I mentioned Erik Brynjolfson and Andrew McAfee's book Race Against The Machine: How the Digital Revolution is Accelerating Innovation, Driving Productivity, and Irreversibly Transforming Employment and the Economy here, in the context of an NYT article.
I ordered and read the e-book, and it is a brilliant little gem which more than repays the few dollars it costs on Kindle. I thoroughly recommend that everyone who reads this should shell out the $2.99 it costs to read their intelligent, well-cratfed and insightful little e-book.
I want to take some of its ideas sequentially. The first is a review of the literature (more or less) on what is going wrong with the labor market. They identify three main explanations:
- the cyclical explanation typfied by Paul Krugman. The main problem we have is an absence of demand.
- the stagnation explanation, typfied by Tyler Cowen. We've picked all the "low-hanging fruit" and technological innovation has slowed down.
- the "end of work" explanation , typified by Jeremy Rifkin's book of the same name The End of Work (which I have not covered or read, but will get to soon) which argues there is a much more deep-seated problem.
The authors come down on the side of the third explanation.
The root of our problems is not that we’re in a Great Recession, or a Great Stagnation, but rather that we are in the early throes of a Great Restructuring.
Technology may have outrun the ability of the economy and society to adjust. This is not a new observation.
The end-of-work argument has been made by, among many others, economist John Maynard Keynes, management theorist Peter Drucker, and Nobel Prize winner Wassily Leontief, who stated in 1983 that “the role of humans as the most important factor of production is bound to diminish in the same way that the role of horses in agricultural production was first diminished and then eliminated by the introduction of tractors.” In his 2009 book The Lights in the Tunnel, software executive Martin Ford agreed, stating that “at some point in the future—it might be many years or decades from now—machines will be able to do the jobs of a large percentage of the ‘average’ people in our population, and these people will not be able to find new jobs.” Brian Arthur argues that a vast, but largely invisible “second economy” already exists in the form of digital automation. The end-of-work argument is an intuitively appealing one; every time we get cash from an ATM instead of a teller or use an automated kiosk to check in at an airport for a flight, we see evidence that technology displaces human labor. ....
But low unemployment levels in the United States throughout the 1980s, ’90s, and first seven years of the new millennium did much to discredit fears of displacement, and it has not been featured in the mainstream discussion of today’s jobless recovery.
(I mentioned Brian Arthur's explanation here, and will cover Martin Ford soon.)
The economics profession pays little attention to third explanation - and in the past, they have been abundantly justified in doing so.
For over 200 years, the economists were right. ....However, this empirical fact conceals a dirty secret. There is no economic law that says that everyone, or even most people, automatically benefit from technological progress.
And that is the predicament in which we find ourselves today.
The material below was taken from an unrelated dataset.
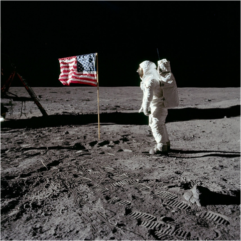 공기가 없는 달에서 미국국기가 펄럭이는 것을 보게된다.

It is not that all human workers are obsolete - as the drayhorses of the nineteenth century became - but may skills are becoming less valuable.
So we agree with the end-of-work crowd that computerization is bringing deep changes, but we’re not as pessimistic as they are. We don’t believe in the coming obsolescence of all human workers. In fact, some human skills are more valuable than ever, even in an age of incredibly powerful and capable digital technologies. But other skills have become worthless, and people who hold the wrong ones now find that they have little to offer employers. They’re losing the race against the machine, a fact reflected in today’s employment statistics.